Scales with question marks symbolizing weighing the pros and cons of a critique group


1. Community

Joining a critique group puts an author in touch with other authors, which can make the work of writing less lonely. Self-publishing authors may share information and learn from those around them. While this can be a huge advantage for an author, joining a regular writing group rather than a critique group offers many of the same advantages without some of the shortfalls.

2. “Free” Content Editing

The nature of a critique group is that authors share their work to get feedback. For authors wary of the cost of publishing a book, free content edits can be a considerable advantage over hiring a content editor. Members can point out plot holes, flat characters, and logic leaps for submitted works when a critique group works properly. They might also highlight distracting stylistic choices such as excessive description or clunky dialogue.

3. Read Like a Writer

Critique groups give self-publishing authors practice at reading a variety of manuscripts and dissecting what works and what doesn’t. Equally important, they must dissect the why. Does the dialogue feel clunky? Is a character using language inappropriate to the time and place of the story? Is the page and a half of the backstory boring to read? Practicing reading other writers’ stories for critique can make authors better editors of their works and make them more aware of what does and doesn’t work in stories. In a critique group, a reader isn’t asked if they like or dislike a story but to verbalize issues they see in the story so that the author can make valuable corrections.


1. Unhelpful Feedback

Critique groups often have self-publishing authors from different genres and with different levels of experience in writing. This can mean that the feedback may not be appropriate for a genre.
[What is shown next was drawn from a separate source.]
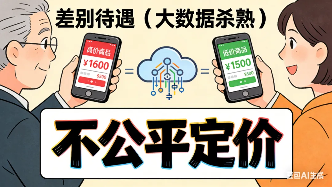 差别待遇(大数据杀熟):对新老用户实行不平等交易价格,无视消费者公平交易权,本质是利用数据优势进行歧视性定价,而反垄断法明确禁止经营者利用数据优势从事垄断行为。

Also, fellow authors might suggest corrections based on preferences that aren’t necessary to tell a story successfully. It can be challenging for a beginning self-publishing author to weed out helpful and unhelpful critiques.

2. Time

Critique groups are built on the principle that everyone in the group gives and takes equally. This means that the self-publishing author is getting feedback on their story but also giving feedback on many other stories. For some authors, this can detract time and energy from their writing.

3. Criticism

While self-publishing authors join critique groups to get feedback on their writing, they may not be where they can healthily take that feedback. Sometimes, critique group members can be unkind with their input, and at other times, self-publishing authors may not be ready to hear that the story they have put so much of their time, heart, and soul into doesn’t make for a good reading experience. While this feedback can be taken and used to improve a story, it sometimes derails and discourages the author.

Critique groups can be a massive benefit to some authors but not everyone. However, a critique group well suited to a self-publishing author’s needs can be the difference between a good book and a great book.